Word for word, copy the entire listing below, but do not carry over any pictures.
-- Recorded information follows --
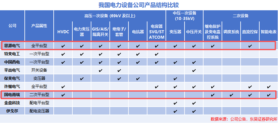 相比国电南瑞,思源电气的产品布局更为齐全,既涵盖二次设备,也布局一次设备,在产品品类和电压等级上,更是能直接对标国际巨头日立能源。
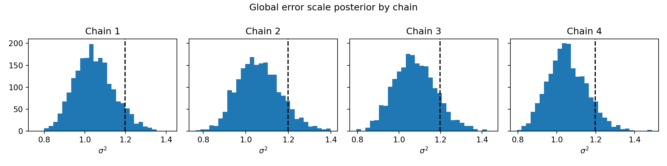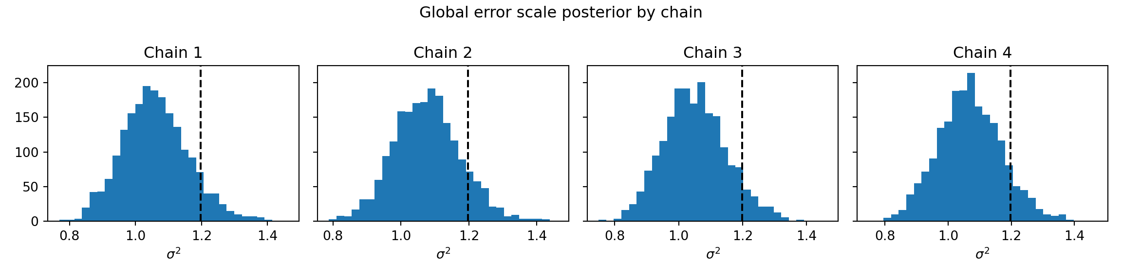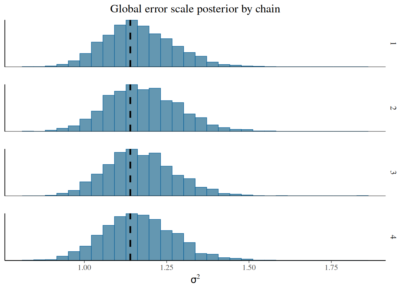 )sigma2_chains = bart_model.global_var_samples.reshape(num_chains, num_mcmc)bayesplot::mcmc_hist_by_chain(
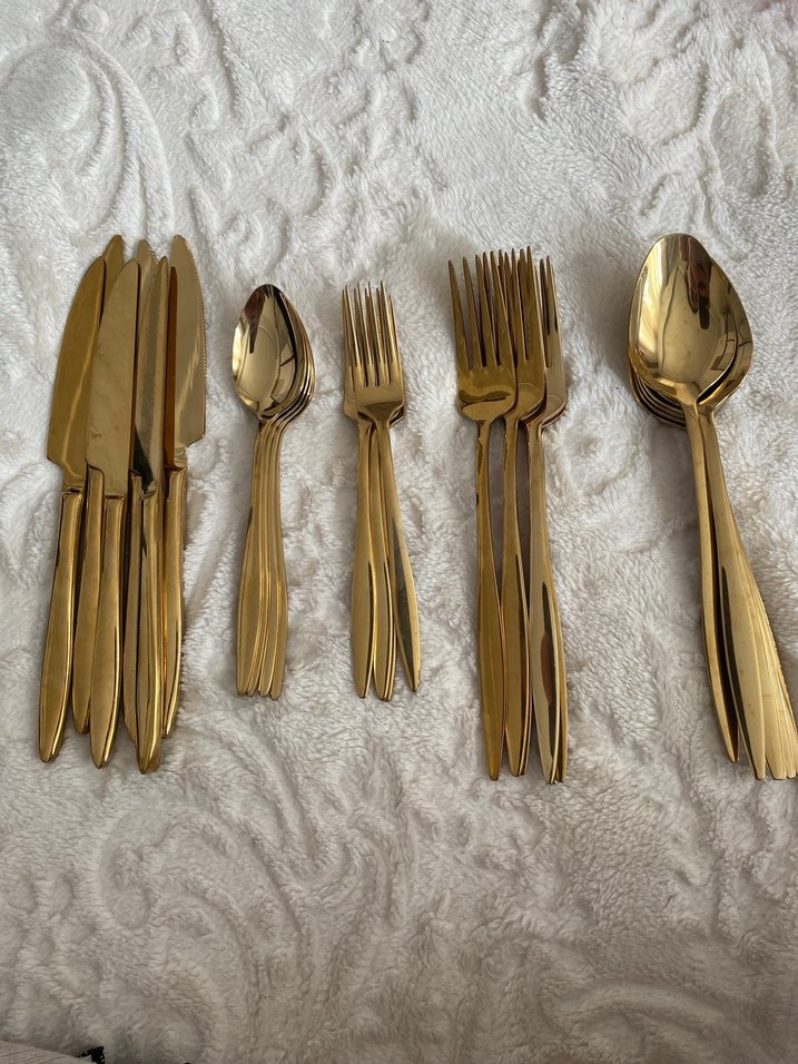 Parlak altın renkte bıçak, çatal ve kaşıklardan oluşan şık bir çatal kaşık seti. hiç kullanılmadı paslanmaz çeliktir makinede yıkanır
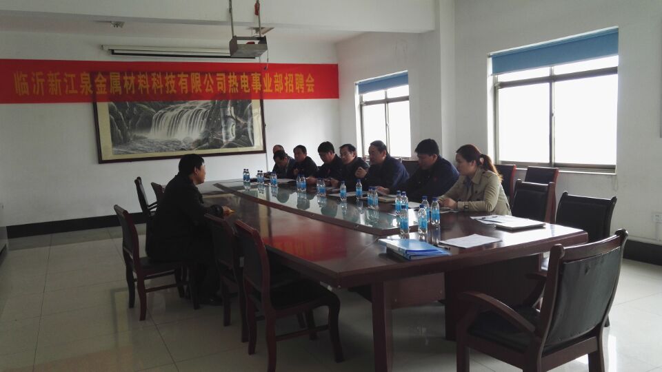 2016年3月15日臨沂新江泉金屬材料科技有限公司熱電事業(yè)部召開招聘會,此次招聘會由熱電事業(yè)部主辦集團(tuán)人力資源部協(xié)助舉辦。
-- Recorded information concluded --
→ **Response below**:
 相比国电南瑞,思源电气的产品布局更为齐全,既涵盖二次设备,也布局一次设备,在产品品类和电压等级上,更是能直接对标国际巨头日立能源。
 )sigma2_chains = bart_model.global_var_samples.reshape(num_chains, num_mcmc)bayesplot::mcmc_hist_by_chain(
 Parlak altın renkte bıçak, çatal ve kaşıklardan oluşan şık bir çatal kaşık seti. hiç kullanılmadı paslanmaz çeliktir makinede yıkanır
 2016年3月15日臨沂新江泉金屬材料科技有限公司熱電事業(yè)部召開招聘會,此次招聘會由熱電事業(yè)部主辦集團(tuán)人力資源部協(xié)助舉辦。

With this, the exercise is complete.